So I have a used Audi car database from Kaggle.
Here is what my code looks like to import the dataset:
### headers ###
import pandas as pd
import numpy as np
import matplotlib.pyplot as plt
### path name ###
data_file_pathname = "etc.."
### import ###
my_data_frame = pd.read_csv(data_file_pathname, sep=",", header=0)

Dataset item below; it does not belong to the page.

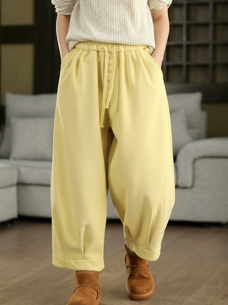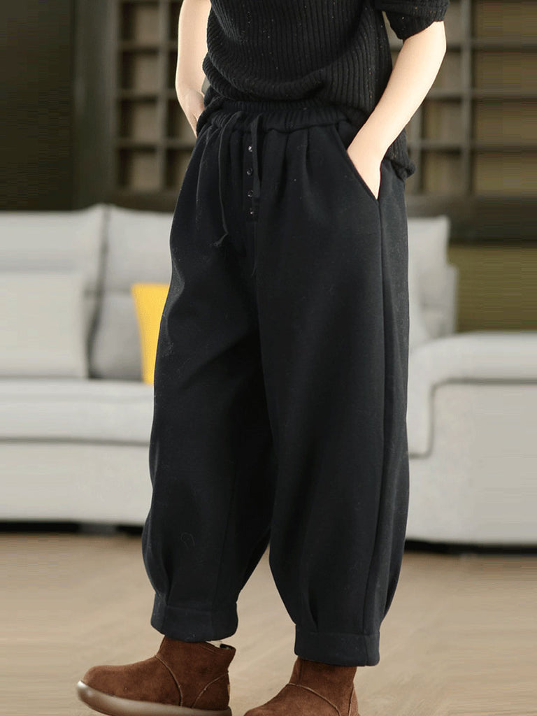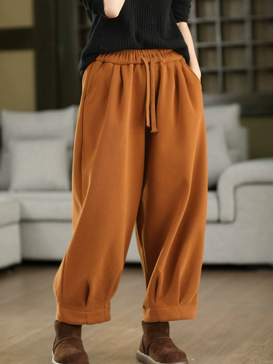 Women Winter Retro Pure Color Fleece-lined Harem Pants
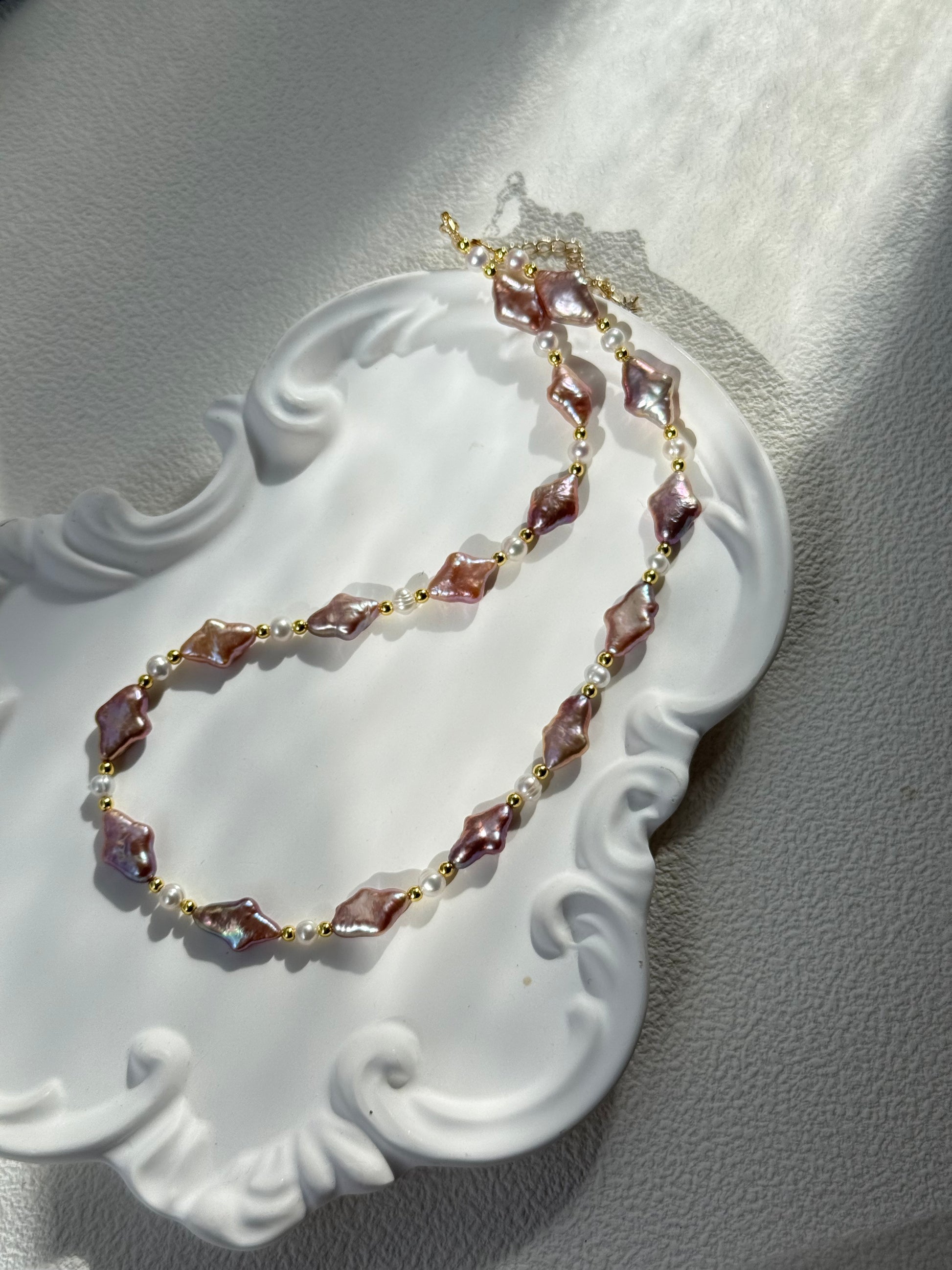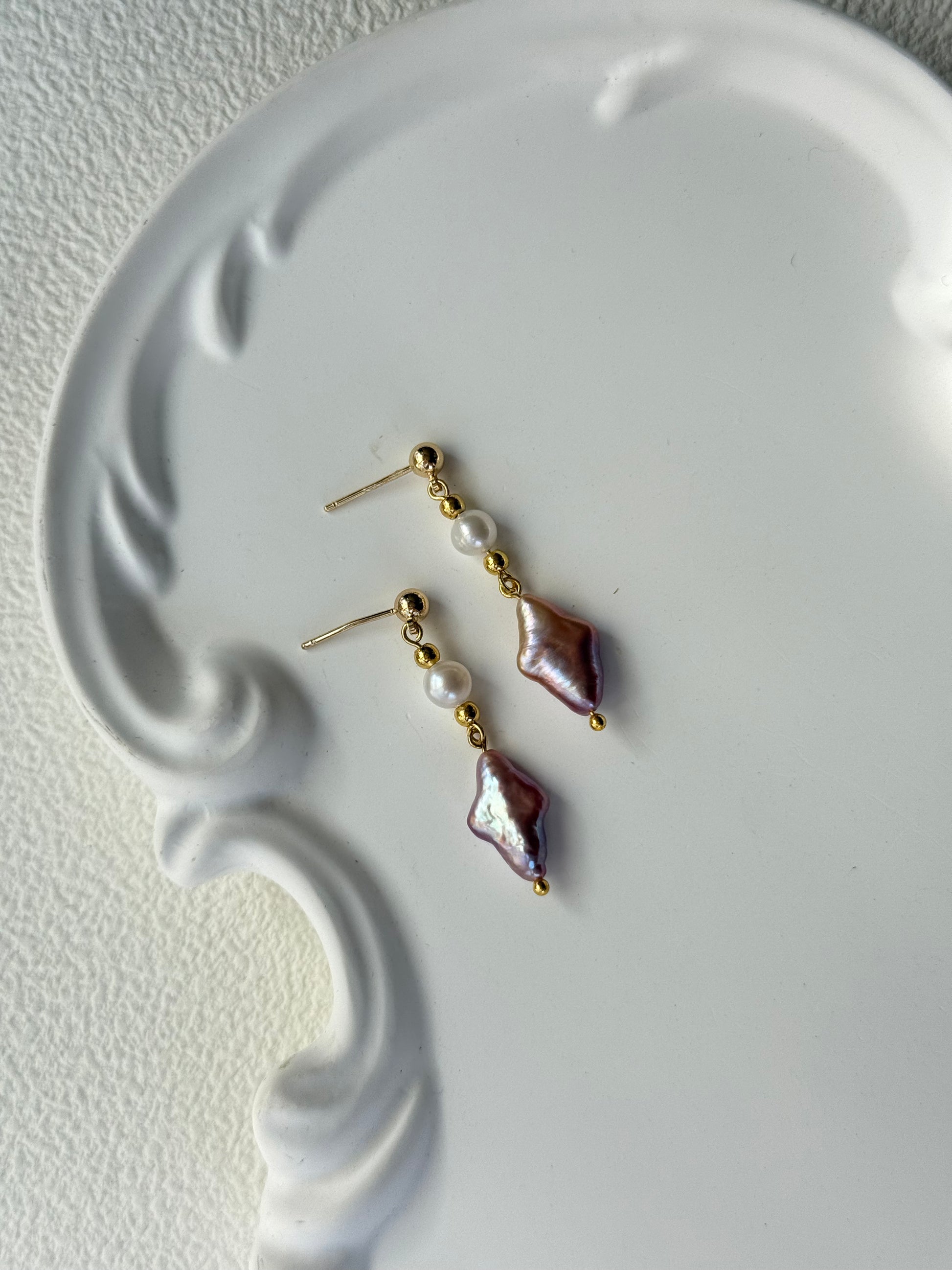 Pearl type: Purple cross-shaped baroque pearls, white round freshwater pearls

### preview of dataset ###
print(my_data_frame.head())
model year price transmission mileage fuelType tax mpg engineSize
0 A1 2017 12500 Manual 15735 Petrol 150 55.4 1.4
1 A6 2016 16500 Automatic 36203 Diesel 20 64.2 2.0
2 A1 2016 11000 Manual 29946 Petrol 30 55.4 1.4
3 A4 2017 16800 Automatic 25952 Diesel 145 67.3 2.0
4 A3 2019 17300 Manual 1998 Petrol 145 49.6 1.0
The years range from 1997 to 2021 and I have 3 fuelTypes (Petrol, Diesel and Hybrid). What I want is dataset with fuelType percentages per year.
Example:
year fuel percentage
2003 Petrol 20.00
Diesel 65.00
Hybrid 15.00
So far I've managed to get the number of cars, per fuelType, per year and I'm not even sure of how I did it so... Here is the code for that:
Fuel_Year = my_data_frame.groupby(['year', 'fuelType'])
df = pd.concat([Fuel_Year.fuelType.count()], axis=1, keys="Counts")
print(df)
C
year fuelType
1997 Petrol 1
1998 Petrol 1
2002 Petrol 2
2003 Diesel 4
Petrol 2
2004 Diesel 1
Petrol 4
2005 Diesel 2
Petrol 5
2006 Diesel 3
Petrol 6
2007 Diesel 7
Petrol 9
I've tried different things and landed on the transform('sum') function on many web pages I checked, but this hasn't been a success for me. My ultimate goal with this is to create some sort of stacked histogram plot with the years on the x-axis and percentages on the y-axis to show evolution of fuelType per year.
Could anybody please help me find the proper code to generate a column for fuelType percentages per year?
Thank you very much! :)
CodePudding user response:
df.groupby(['year'])['fuelType'].value_counts(normalize=True) * 100
year fuelType
2016 Diesel 50.0
Petrol 50.0
2017 Diesel 50.0
Petrol 50.0
2019 Petrol 100.0
Name: fuelType, dtype: float64
CodePudding user response:
You could leverage the value_counts() function of pandas dataframe for this purpose. It will be handy for you in many situations.
round((df.groupby(['year'])['fuelType'].value_counts()/df.groupby('year')['fuelType'].count()) * 100,2)
year fuelType
1997 Petrol 100.00
1998 Petrol 100.00
2002 Petrol 100.00
2003 Diesel 66.67
Petrol 33.33
2004 Petrol 80.00
Diesel 20.00
2005 Petrol 71.43
Diesel 28.57
2006 Petrol 66.67
Diesel 33.33
Please let me know in case of any queries. Cheers!